One successful case is presented to illustrate the possible outcome of treatment using PRP.
A 89-year-old female developed a pressure ulcer over the left lower limb; the ulcer had not healed despite three months of standard conventional wound therapy (Fig. 5 A). Surgical debridement followed by PRP collagen application was performed under general anesthesia (Fig. 5 B). Three weeks later, well-vascularized, healthy granulation tissue had developed (Fig. 5 C), and a split-thickness skin graft was performed to completely close the wound(Fig. 5 D). The patient has remained free of complications for 4 months since treatment (Fig. 5 E).

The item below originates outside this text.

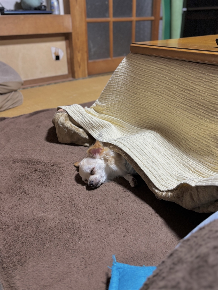 この日、生まれて初めてこたつに入ったそうですが、すっかり気に入ったようです。

Advanced regenerative medicine-based technologies currently provide successful and less invasive wound closure with spontaneous healing or can be used in combination with skin grafting instead of invasive surgical tissue transfer. Recent developments in physical therapies including negative pressure wound therapy (NPWT)reinforce the efficacy of conservative wound treatment. However, we should always bear in mind that topical therapeuticmanagement strategieswork effectively only on adequately perfused wound beds under a moist environment without devitalized tissue or a critical bacterial burden.